Validating and Establishing a Diagnostic Threshold for the Hypoglycemia Awareness Questionnaire Impaired Awareness Subscale

Abstract

ObjectiveTo evaluate the discriminant and convergent validities of the Hypoglycemia Awareness Questionnaire Impaired Awareness (HypoA-Q IA) subscale and establish a diagnostic threshold for the classification of impaired awareness of hypoglycemia (IAH) in adults with type 1 diabetes (T1D). MethodsTwenty-one adults with T1D (male, 48%; median age, 36 years; and T1D duration, 21 years) completed the HypoA-Q IA subscale, Clarke, and hypoglycemia severity (HYPO) scores, continuous glucose monitoring, and hyperinsulinemic hypoglycemic clamp testing. Those with IAH defined by a Clarke score of ≥4 (n = 10) and who experienced severely problematic hypoglycemia and/or marked glycemic lability started automated insulin delivery as part of an 18-month intervention study with the 6-monthly paired assessment of the HypoA-Q IA subscale, Clarke score, HYPO score and continuous glucose monitoring, and hypoglycemic clamp testing at baseline and 6 and 18 months.

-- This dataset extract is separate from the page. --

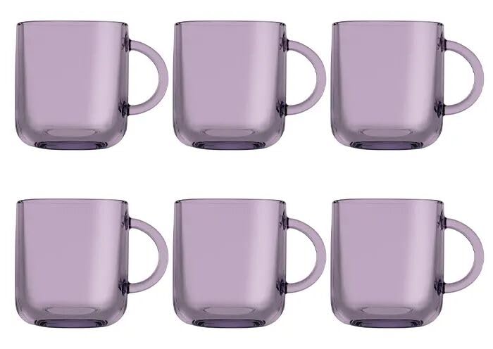 Next store - طقم أكواب زجاج شفاف من Next store – عدد 6 قطع × 245 مل | تصميم أنيق وعصري مثالي لتقديم الشاي، القهوة، العصائر والمشروبات الساخنة والباردة للمنزل والمكتب (ارجواني)

ResultsThe HypoA-Q IA subscale discriminated between those with and without IAH defined by the Clarke score (W = 110.5; P <.001). During intervention, the HypoA-Q IA subscale demonstrated convergent validity via significant relationships with the Clarke (r = 0.72; P <.001) and HYPO (r = 0.60; P <.001) scores; hypoglycemia exposure below 70 (r = 0.53; P <.01), 60 (r = 0.50; P <.01), and 54 (r = 0.48; P <.01) mg/dL; and autonomic symptom (r = −0.53; P <.05), epinephrine (r = −0.68; P <.001), and pancreatic polypeptide (r = −0.52; P <.05) responses to insulin-induced hypoglycemia. The receiver operating characteristic curve analysis revealed that the HypoA-Q IA subscale was an excellent predictor of an abnormal symptom response to insulin-induced hypoglycemia (area under the curve, 0.86) with a score of 12, which was the optimal threshold for IAH classification (sensitivity, 83%; specificity, 80%). ConclusionThese findings support the validity of the HypoA-Q IA subscale and propose a HypoA-Q IA diagnostic threshold to identify IAH in both clinical and research settings.